For frail and elderly patients with significant comorbidities, obinutuzumab plus chlorambucil (G-Chl) was the standard-of-care with a prolonged PFS (HR=0.39; 95% CI: 0.31-0.49; p<0.001) and a higher rate of complete response (CR; 20.7% vs. 7.0%) than rituximab plus chlorambucil.3 With ibrutinib now available, ibrutinib plus obinutuzumab (IG) had demonstrated an even longer PFS (median not reached [NR] vs. 19.0 months; HR=0.23; 95% CI: 0.15-0.37; p<0.0001] and a higher rate of CR (19% vs. 8%; RR=2.51; 95% CI: 1.21-5.21; p=0.0096) than G-Chl that was consistent across patients with poor prognostic factors.6

In addition to IG, the BTK inhibitor acalabrutinib had also demonstrated a significantly longer PFS than G-Chl with (median NR vs. 22.6 months; HR=0.10; 95% CI: 0.06-0.18; p<0.0001) or without obinutuzumab (median NR vs. 22.6 months; HR=0.20; 95% CI: 0.13-0.31; p<0.0001).7 With a greater specificity than ibrutinib, acalabrutinib monotherapy was associated with a low rate of atrial fibrillation of any grade (4%) and hypertension of grade ≥3 (2%).7

Other than BTK inhibitors, the BCL2 antagonist venetoclax plus obinutuzumab was also shown to have a longer PFS (median NR vs. 39.6 months; p<0.0001), a higher objective response rate (ORR; 84.7% vs. 71.3%; p<0.001) and a remarkably higher CR rate (49.5% vs. 23.1%) than G-Chl in frail and elderly patients.8 After 3 months of treatment, more patients receiving venetoclax plus obinutuzumab achieved measurable residual disease (MRD) negativity than G-Chl (75.5% vs. 35.2%; p<0.001) that was maintained after the fixed treatment cycle of 1 year.8

Although venetoclax plus obinutuzumab had demonstrated a consistent PFS benefit in both patients with mutated- and unmutated-IGHV, frontline ibrutinib had a better 5-year PFS and OS among those with del(17p) and/or TP53 mutations.9,10 When considering treatment for CLL patients, Prof.
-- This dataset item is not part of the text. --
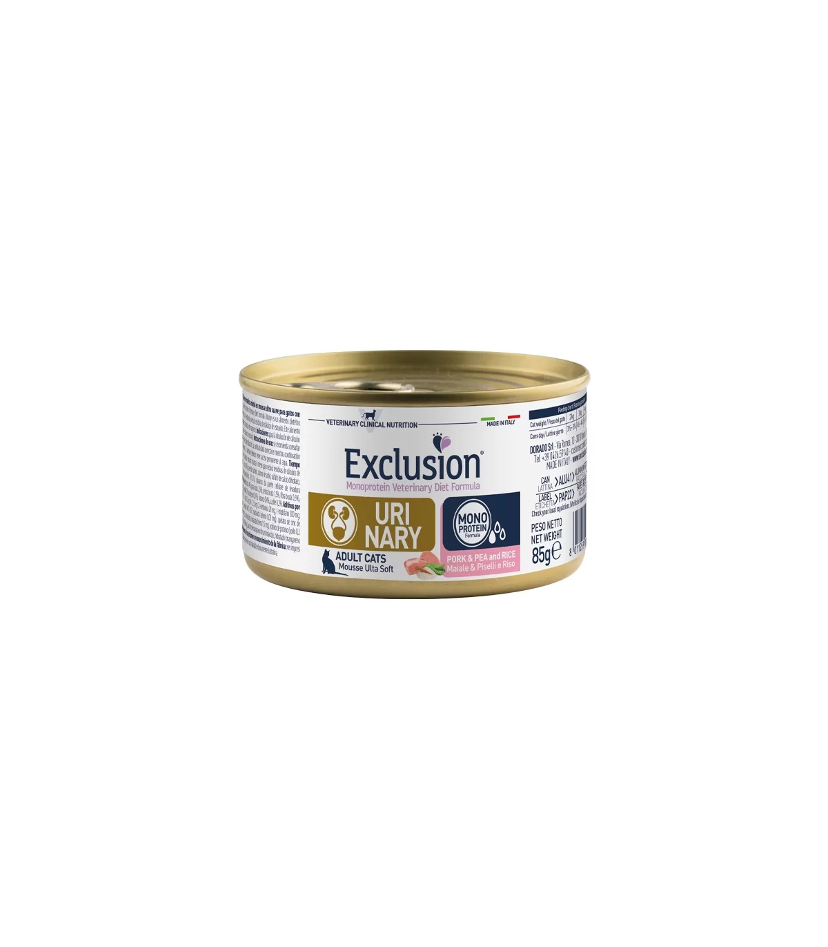 Exclusion Monoprotein Veterinary Diet Formula Urinary è un alimento dietetico con formulazione monoproteica, realizzato con un’unica fonte alternativa di proteine animali, ingredienti innovativi e preservato con tocoferoli naturali; rappresenta la risposta nutrizionale a disposizione del Veterinario, come supporto nutrizionale specifico per la dissoluzione e la riduzione di recidive dei calcoli di struvite nei gatti.

Tse prefer BTK inhibitors over standard chemoimmunotherapy with venetoclax plus obinutuzumab to be considered for frail and elderly patients with significant comorbidities, except for those with del(17p) or TP53 mutations. Importantly, Prof. Tse summarized, “Standard chemoimmunotherapy should not be used in patients with high-risk features such as unmutated IGHV and del(17p) and/ or TP53 mutations.”